Environnement extérieur des scènes de crime: premier meurtre, ambiance apocalyptique: « Jusque sur la chaussée qui séparait le quai des immeubles riverains, des coulées de boue humide témoignaient de la récente décrue de la rivière. Un phénomène provoqué par des chutes d’eau comme on n’en avait jamais vu dans la région. La navigation fluviale, interrompue pendant un mois, reprenait doucement. » (Page 20)…

…en parfait contraste avec l’atmosphère sereine de l’environnement du second meurtre: « Le quartier des Minimes, construit sur une colline à l’époque de la Renaissance, était séparé du centre-ville par ces interminables volées de marches qui cassaient les jambes et coupaient le souffle.
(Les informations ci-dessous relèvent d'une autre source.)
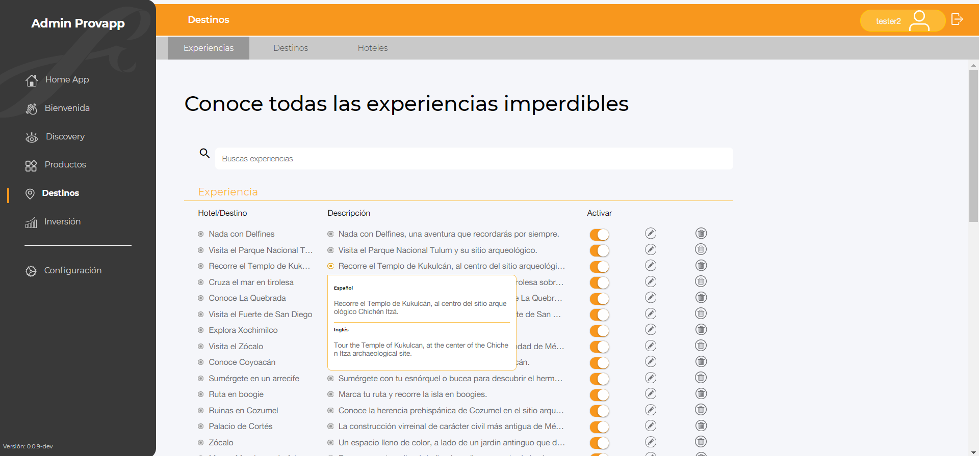 Nota importante: Si la experiencia se encuentra asociada un destino, no se podrá eliminar ni desactivar solo editar.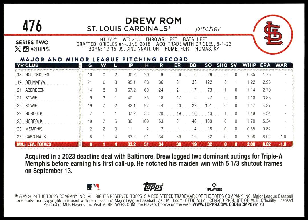 This Baseball card, from 2024 is part of the Topps Series 2 card set. Drew Rom is featured and has a card number of 476.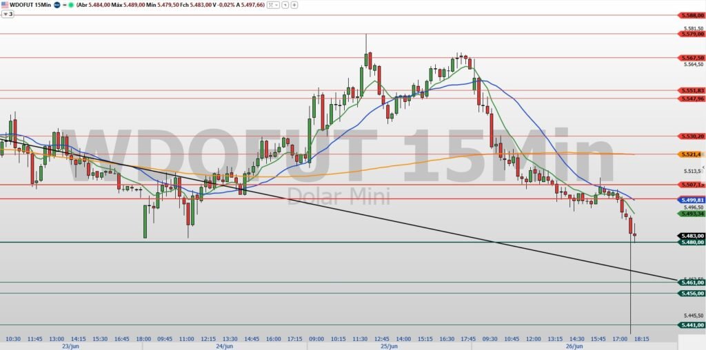 No gráfico de 15 minutos, o ativo voltou a apresentar fraqueza, encerrando o dia abaixo das médias móveis de 9 e 21 períodos. O minidólar testou novamente a região de 5.480, que se mostra um suporte de alta relevância no curtíssimo prazo.

Un engouement récent pour le très ancien avait attiré là quelques promoteurs qui avaient commencé à rénover les maisons étroites et hautes, découvrant derrière leurs façades décrépites d’étonnantes venelles et de merveilleux escaliers en ellipse. » (Pages 86-87).

En conclusion:

Le Sang du Bourreau est un polar efficace, abattant ses cartes au fil d’une intrigue bien construite que vous lirez l’espace d’un après-midi pluvieux ou d’une fraîche soirée automnale, bien emmitouflé dans un plaid confortable…avec l’évidente envie de vous plonger dans l’enquête suivante.

Citations:

« La commissaire Marion encore plus que les autres. Celle-là, il ne l’aimait pas. Trop futée. Il envisagea un moment de l’offrir à Cora mais renonça aussitôt à cette idée. C’était beaucoup plus drôle de jouer au chat et à la souris avec elle. Il serait toujours temps de changer d’avis quand il en aurait assez de s’amuser. » (Pages 35-36).

« Lavot, Talon et Cabut assistèrent à cette scène qui, en dépit du tragique de la situation, les réjouissait. Les rivalités entre la police et la gendarmerie n’étaient pas toutes à ranger aux archives. Elles se réveillaient même assez facilement, à en croire l’escarmouche. » (Page 157).

« Quelques instants plus tard, Marion l’observait, étonnée. Après une nuit blanche, la plupart des hommes qu’elle connaissait auraient ressemblé à des ours mal léchés. Talon, lui, avait son air habituel, les cheveux peignés en arrière, ses lunettes rondes bien propres. » (Page 249).